Tidally Locked Worlds

Ever wake up in the dark from a bad dream and say, well, it’ll be light soon, it will be better.

We inhabitants of Earth are lucky in that way, we have night and day. What would it be like to live with either day or night only? Or perpetual dusk?

There are plenty of bodies in our universe like that. Our Moon is one example of a tidally locked body. Due to gravitational influences, it’s a body whose rate of rotation matches it’s orbit time around another body. The Moon’s rotation rate is 27 days, and its orbit time is 27 days. That means from Earth we see the same old side of Luna all the time. However, because the Moon orbits Earth vs the Sun, its entire surface gets bathed in sunlight and dark over its orbital journey. There is no perpetually dark side of the Moon but there is a perpetually far side, one we never see from Earth.

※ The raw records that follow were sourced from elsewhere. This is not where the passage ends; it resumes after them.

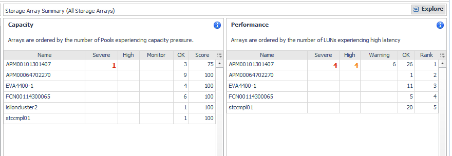 LUNs/Disks States. Plots the percentage of disks and LUNs in the storage array in problem states. Problem states are reported by the vendor. Resolving these issues may improve LUN performance.
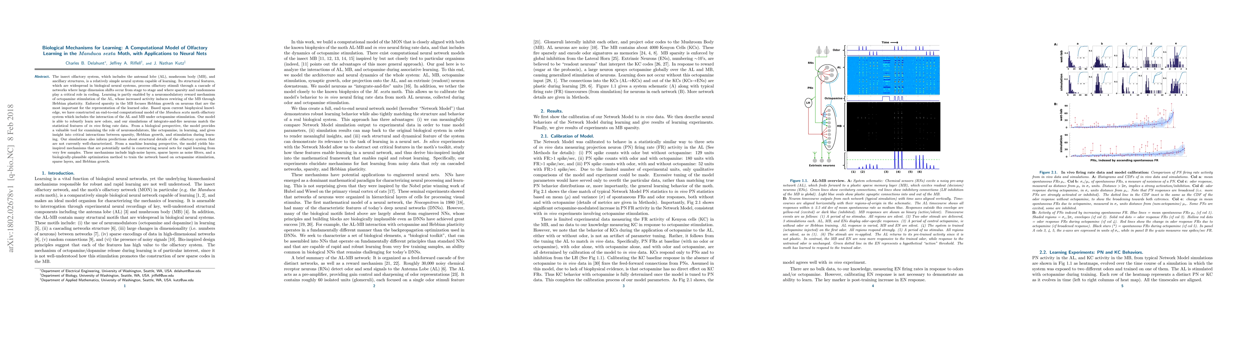 This study develops a computational model of the Manduca sexta moth olfactory system that learns to recognize new odors through a biologically-inspired mechanism involving octopamine stimulation and sparse neural networks.
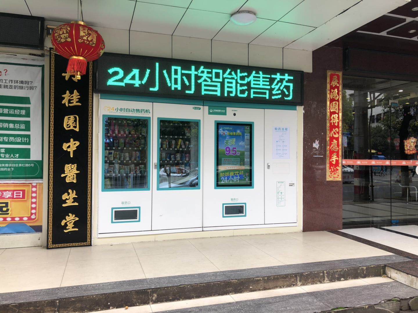 由无锡智发电工生产的24小时智能售药系统在湖南郴州桂阳的丹桂园大药房调试完成,投入使用,周边老百姓生活又增加了一个健康保障!

What if the Earth were tidally locked in orbit around the Sun? Then one side of Earth would experience perpetual day, one side perpetual night, and within the day/night interface – perpetual dusk. That would be different! It likely would have had significant impact on how life evolved over time. No one on Earth knows how but life on Earth would be different. On Earth we see an incredible variety of lifeforms, each evolving within their environmental niche. Those niches could be similar and very different on a tidally locked Earth.

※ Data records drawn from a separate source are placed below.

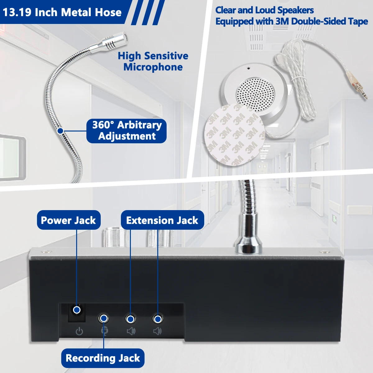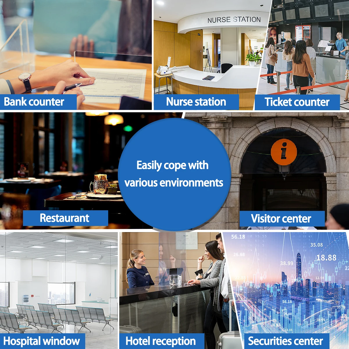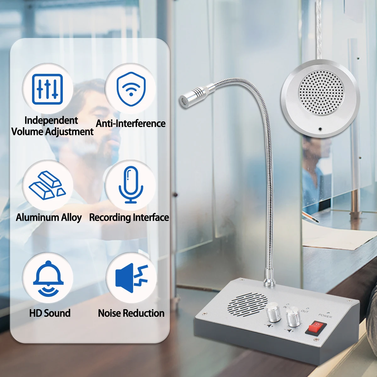 【Amplia gama de escenarios de aplicación】El intercomunicador de ventana es adecuado para ventanas bancarias, ventanas de hospitales, ventanas de oficinas de correos, ventanas de valores, empresas de valores y otros lugares, satisfaciendo las necesidades de diversos escenarios de uso.
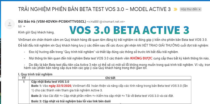 Cập nhật phần mềm [22/05/2020] Bản cập nhật VOS 3.0 Beta Acttive 3 lần 1
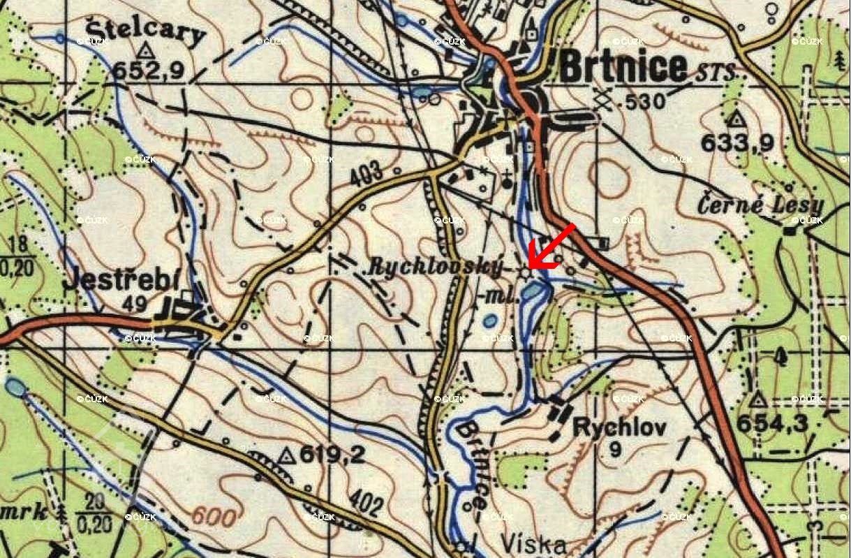 Mlýn se nachází na jih od Brtnice směrem k Rychlovu.

Tidally locked is not a bad thing, it just produces a different set of challenges and maybe opportunities for life.

Ever since the first exoplanet was discovered in 1992, the search for exoplanets ramped up and now we know of over 5000 confirmed planets beyond the solar system. Some of these planets are tidally locked with their home star and astrobiologists speculate about the affect that has on the possibility of life on those planets. Well, now we have the James Webb Space Telescope, with its big, sensitive eye. Now we have tools to identify exoplanet atmospheric gases, and detect byproducts of living, we think.  Remember the Viking Mars landers? They ran tests for biosignatures and got fooled by Mars’ reactive soils.

Life on a tidally locked planet could be tough. Even in the habitable zone, the star facing side gets constantly roasted by ultraviolet and infrared, it’s hot. The ocean might be nearly boiling in places. The other side gets no light, no heat. It is likely frozen solid, maybe even some of the atmospheric gasses are frozen out. That would cause significant atmospheric pressure gradients and wild winds coming from the hot side.

The zones between torrid and frozen might be able to support life, but weather there could be too chaotic. Think of high and low pressure/temperature fronts constantly slamming into each other.

These places sure would be interesting to visit.

What’s in the Sky?

August 15th; before sunrise; southwest: A waning gibbous Moon and Jupiter share the sky.